__What to work on__
Print only the lines below from the one with "2020年,买球体育官方网站" to the one with "PALEMBANG, The8news.com –", both included, exactly as they stand. Leave pictures out.

__Extracted entries__
==========
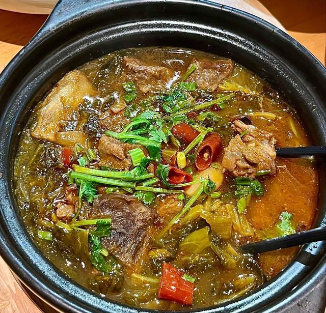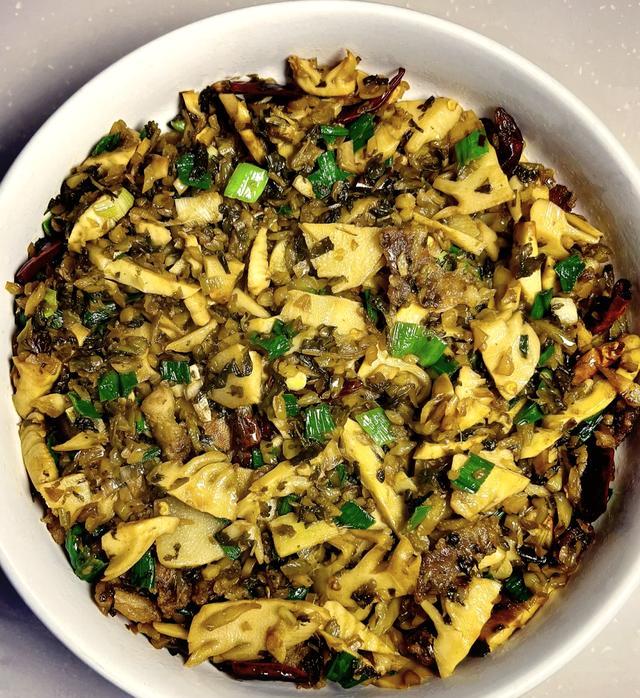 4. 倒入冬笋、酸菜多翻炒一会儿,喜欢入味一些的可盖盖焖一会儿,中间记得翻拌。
==========
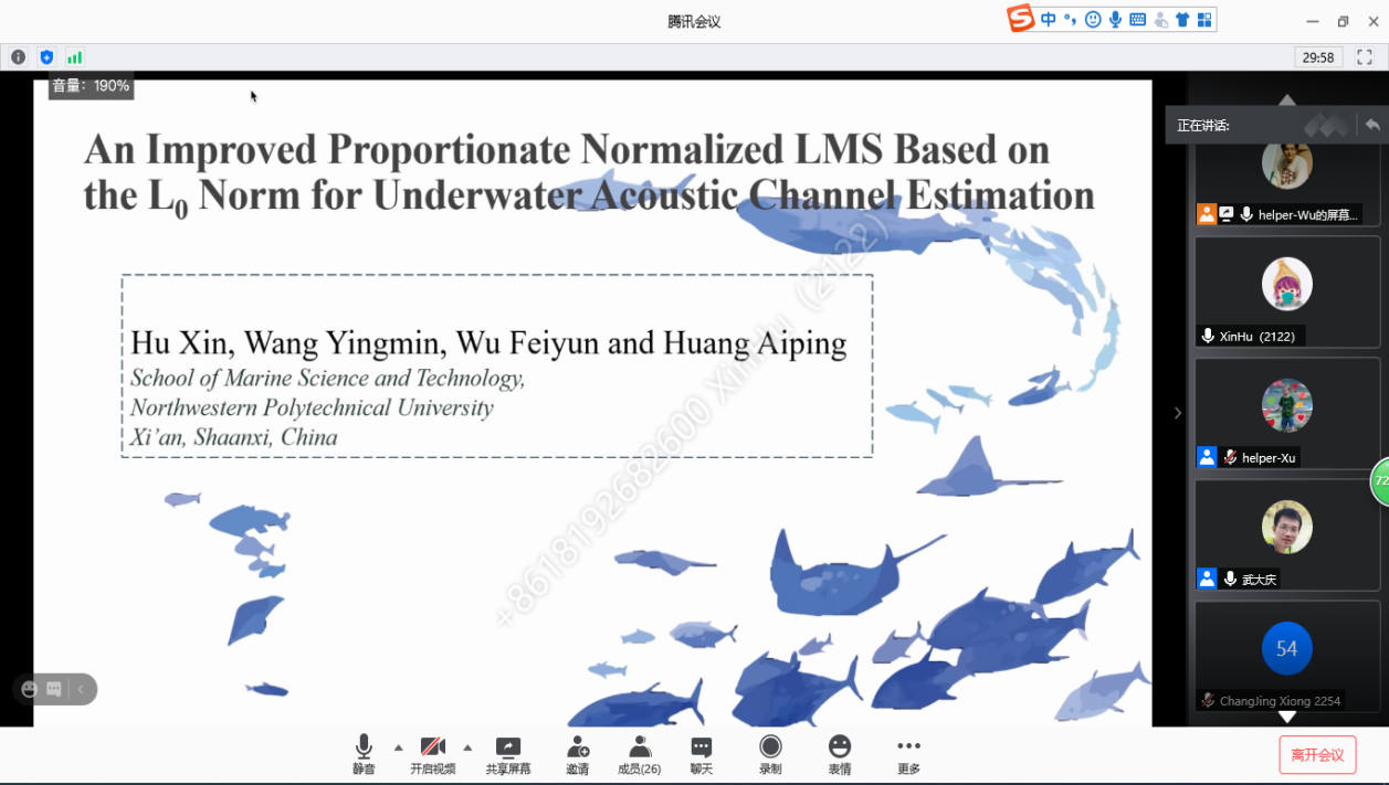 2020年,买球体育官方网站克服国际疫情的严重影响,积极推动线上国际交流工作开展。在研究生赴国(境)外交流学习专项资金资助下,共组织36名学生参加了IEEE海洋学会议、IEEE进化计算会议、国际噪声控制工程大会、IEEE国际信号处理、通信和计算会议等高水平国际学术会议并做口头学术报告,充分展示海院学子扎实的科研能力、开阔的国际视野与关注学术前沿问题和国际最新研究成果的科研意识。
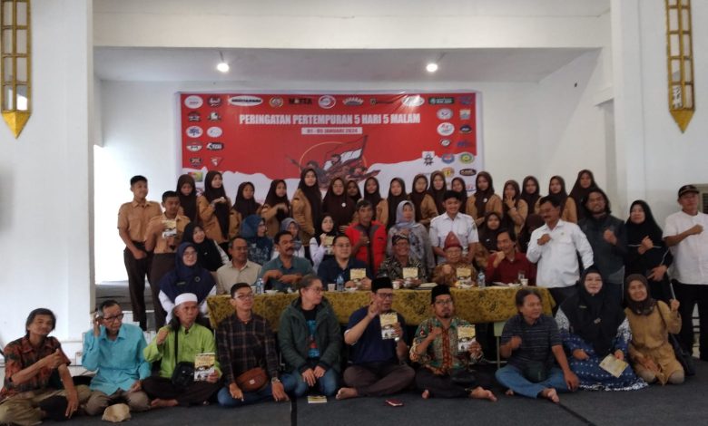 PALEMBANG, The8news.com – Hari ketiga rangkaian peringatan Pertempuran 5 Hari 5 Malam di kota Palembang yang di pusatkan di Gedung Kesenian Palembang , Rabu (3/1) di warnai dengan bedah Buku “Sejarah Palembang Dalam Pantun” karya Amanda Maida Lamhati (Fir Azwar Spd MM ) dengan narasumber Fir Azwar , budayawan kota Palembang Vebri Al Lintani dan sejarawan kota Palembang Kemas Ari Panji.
==========
__Task result__
 2020年,买球体育官方网站克服国际疫情的严重影响,积极推动线上国际交流工作开展。在研究生赴国(境)外交流学习专项资金资助下,共组织36名学生参加了IEEE海洋学会议、IEEE进化计算会议、国际噪声控制工程大会、IEEE国际信号处理、通信和计算会议等高水平国际学术会议并做口头学术报告,充分展示海院学子扎实的科研能力、开阔的国际视野与关注学术前沿问题和国际最新研究成果的科研意识。
 PALEMBANG, The8news.com – Hari ketiga rangkaian peringatan Pertempuran 5 Hari 5 Malam di kota Palembang yang di pusatkan di Gedung Kesenian Palembang , Rabu (3/1) di warnai dengan bedah Buku “Sejarah Palembang Dalam Pantun” karya Amanda Maida Lamhati (Fir Azwar Spd MM ) dengan narasumber Fir Azwar , budayawan kota Palembang Vebri Al Lintani dan sejarawan kota Palembang Kemas Ari Panji.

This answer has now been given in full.